Saturday, October 17, 2009
At auction, buyers get their goats
By Jay Tokasz
NEWS STAFF REPORTER
Updated: October 17, 2009, 5:04 PM / 0 comments
Wearing a faux mink stole and a jeweled collar, Zasu Pitts strutted her stuff like a runway model.
A spotlight shone, accenting the sprayed glitter on her black-and-white coat. The emcee pointed out her impeccable pedigree.
And by the time the bidding was finished, Richard and Rica Waldeman from North Carolina bought a goat for $2,050.
Not just any old goat, either.
Six-month-old Zasu Pitts was among the 17 finest young goats in the country selected as part of the annual American Dairy Goat Association Spotlight Sale this morning in the Adam's Mark Hotel.
"It's hard to part with her," said Zasu Pitts' previous owner, Sheila Nixon, a California goat farmer who named the flamboyant goat after a 1930s and '40s era film actress.
"They're very intelligent, curious animals," said Nixon. "This week, I taught her to dance for her dinner. She wags her tail and gets on her hind legs and jumps up and down a little."
The four-hour auction was the capstone event of the association's 105th annual convention, which began Oct. 10 and ran through today.
Here, no one was blaming the goats for anything.
They traveled from as far as California, many in airplanes, with only so much as a few bahs, and ended up drawing winning bids that ranged from $800 to $3,800.

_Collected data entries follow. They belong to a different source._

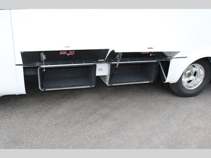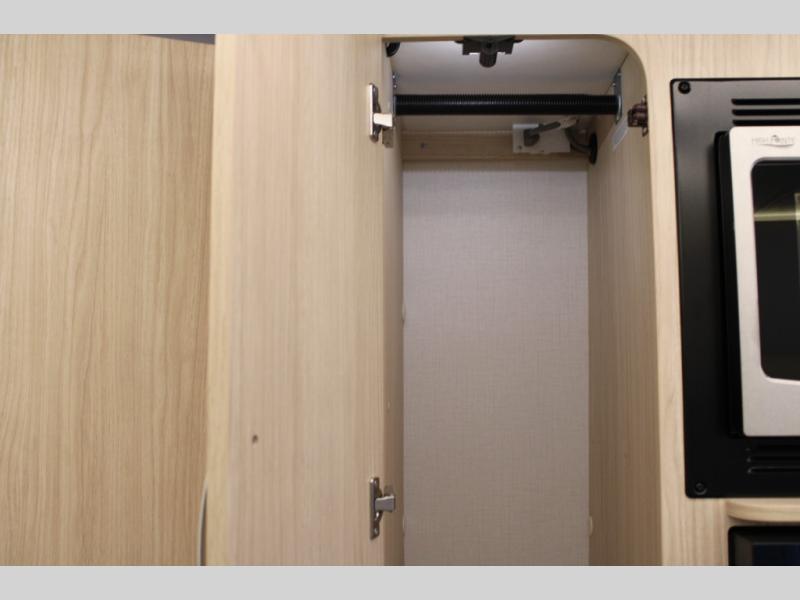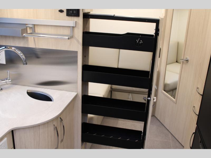 You will be impressed with this Unity Class B+ diesel motorhome because of the unique rear living space that has a sectional sofa, adjustable ottoman, and flexible bathroom door that will fold inward or outward depending on where you need the extra space. With a wardrobe, a bathroom medicine cabinet, and a large pull-out pantry, there is no doubt that you will be able to find storage space for all of your belongings, and having two living areas, a Murphy bed for nighttime, and a flush-mount LP cooktop to make meals will let you travel for however long you like.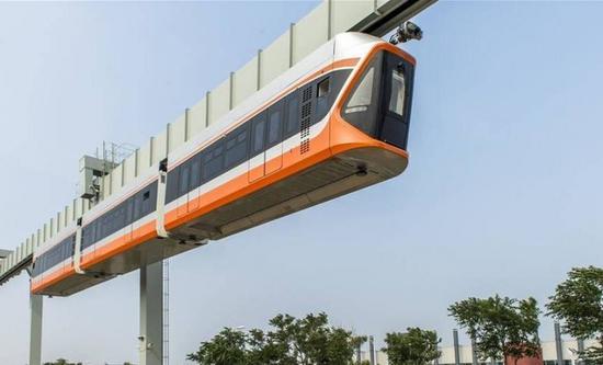 中车四方设计制造的悬挂式单轨列车,具有完全自主知识产权,可实现3至5列的灵活编组,载客量可达到300至510余人。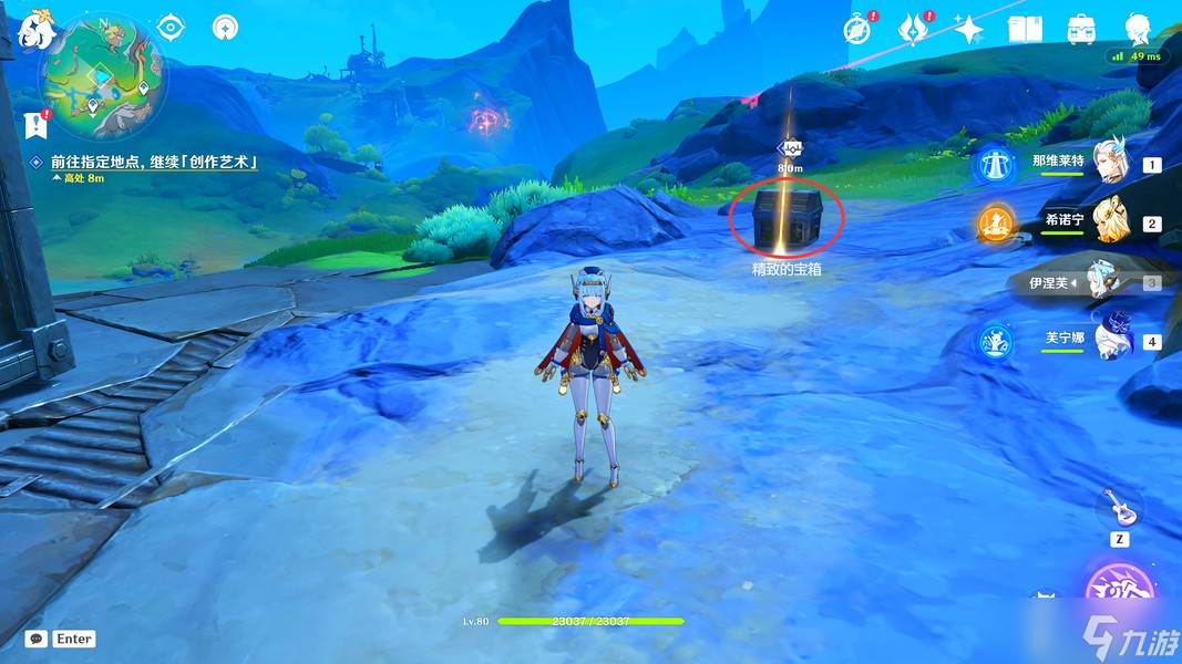 来到此处后,我们先将这里的愚人众全部解决掉(解决完愚人众后,我们获得一个精致的宝箱)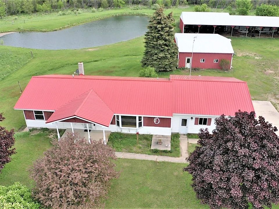 This secluded home has three bedrooms, two baths and is approximately 1500 square feet with approximately 1400 below ground that can be finished. The walkout basement has daylight windows and will not take much to finish. Most of the interior of the house was recently painted. New floor covering will really make this home shine. If you have ever wanted to own your own mini farm, here it is. Approximately 30 acres with some wooded, some clear and some tillable. There are multiple out buildings, a 24 x 32 pole barn with a cement floor, a 32 x 20 additional adjacent space with a poured wall, a 95 x 32 hay storage building, a 100 x 30 equipment storage barn and a 60 x 100 cattle barn with pasture and pond. The larger pond is stocked with fish and lets not forget the other wildlife you will see year round.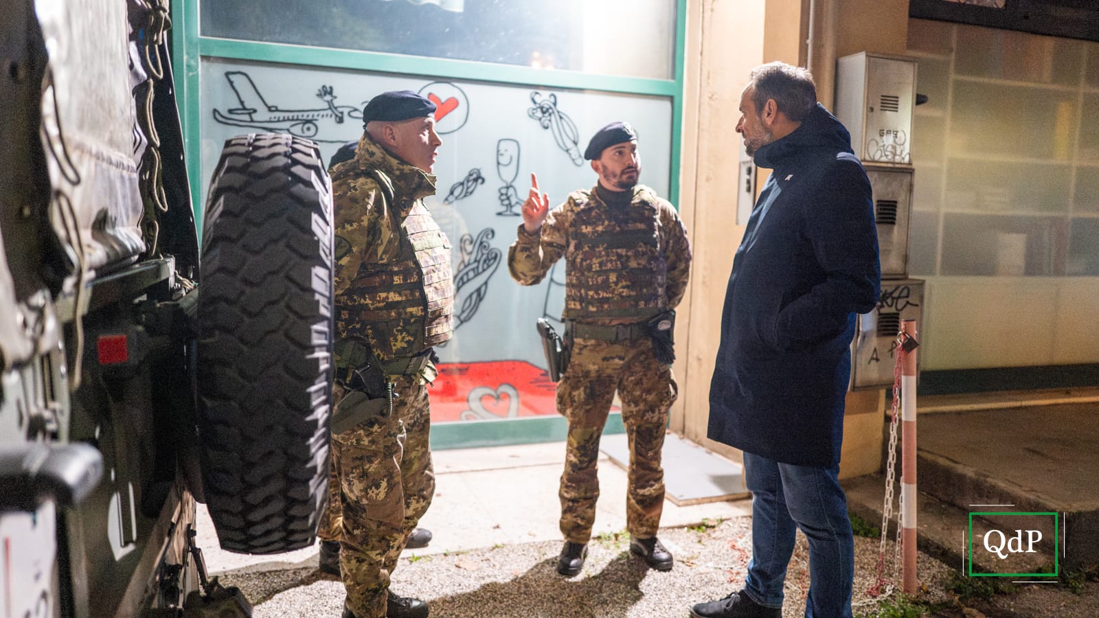 Durante i controlli si ferma anche una camionetta dell’Esercito impegnata nell’operazione “Strade sicure”: un saluto al sindaco prima di ripartire verso le zone loro assegnate.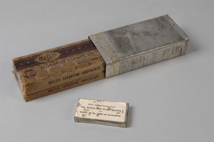 Blikje met twee blokken chocolade, uit linnen zakje ...

Handlers outside the hotel prepared each of the goats for their momement in the spotlight, brushing coats, applying glitter and feeding treats of animal crackers and ginger snaps.
The goats acted as if it were just another day at the farm.
Elenna, an American Saanen doe, got the top bid of the day. White as a fresh snowfall in Buffalo, Elenna calmy strode the stage and coaxed $3,800 out of an Oregon dairy farmer, Flavio de Castellanos.
Shari Reyna, a fellow Oregonian, submitted the winning bid on Castellanos' behalf and told him by phone "you got a really good doe."
Reyna made out all right, too, picking up two bucks for herself.
"I didn't intend to buy anything," said the owner of Ferns' Edge Dairy in Lowell, Ore., which has about 300 goats.
Her purchases proved too much of a bargain to pass on. She plans to breed a purebred Nubian buck named Forevermore, which sold for $1,900.
"He'll sire a lot of daughters," said Reyna. "He will pay for himself in a year or two, there's no doubt in my mind."
About 500 people participated in the weeklong convention, which included, yes, a trip to Goat Island at Niagara Falls, as well as a variety of health workshops with veterinarians, a goat first-aid class and seminars on cheesemaking.
The Spotlight Sale is typically a highpoint of the week. Goats bought from the sale will be used for breeding, showing and producing milk.
"These traditionally are going to go to show homes and be exhibited at fairs and shows throughout the country," said Kristina Bozzo-Baldenegro, co-chair of a committee that organized the auction.
And if you thought $3,800 was a lot to spend on a goat, Bozzo-Baldenegro said a single goat once sold at spotlight sale for $16,000.
The sale brings out the best young goats in the country, submitted by nomination to the American Dairy Goat Association. Because of the difficulty with travel, larger adult goats aren't included in the auction.
"They are the cream of the goat crop," said Doni DeVincent, a hospital laboratory technician who owns 40 goats on 16 acres in Middletown.
DeVincent started caring for goats 25 years ago, when her parents purchased two Nubians to help clear away the woody brush on their property.
Now, "it's an obsession," she said with a smile. "It's my hobby that takes all my money."
Reyna's raising of goats stems from her own lactose intolerance and discovering that while she could not drink cow's milk, goat's milk was easily digestible.
Interest in goat's milk is growing rapidly, she added.
"Now, goat cheese is a really big deal," she said. "My milk is selling at $7.99 a half gallon, and I cannot fill all the orders."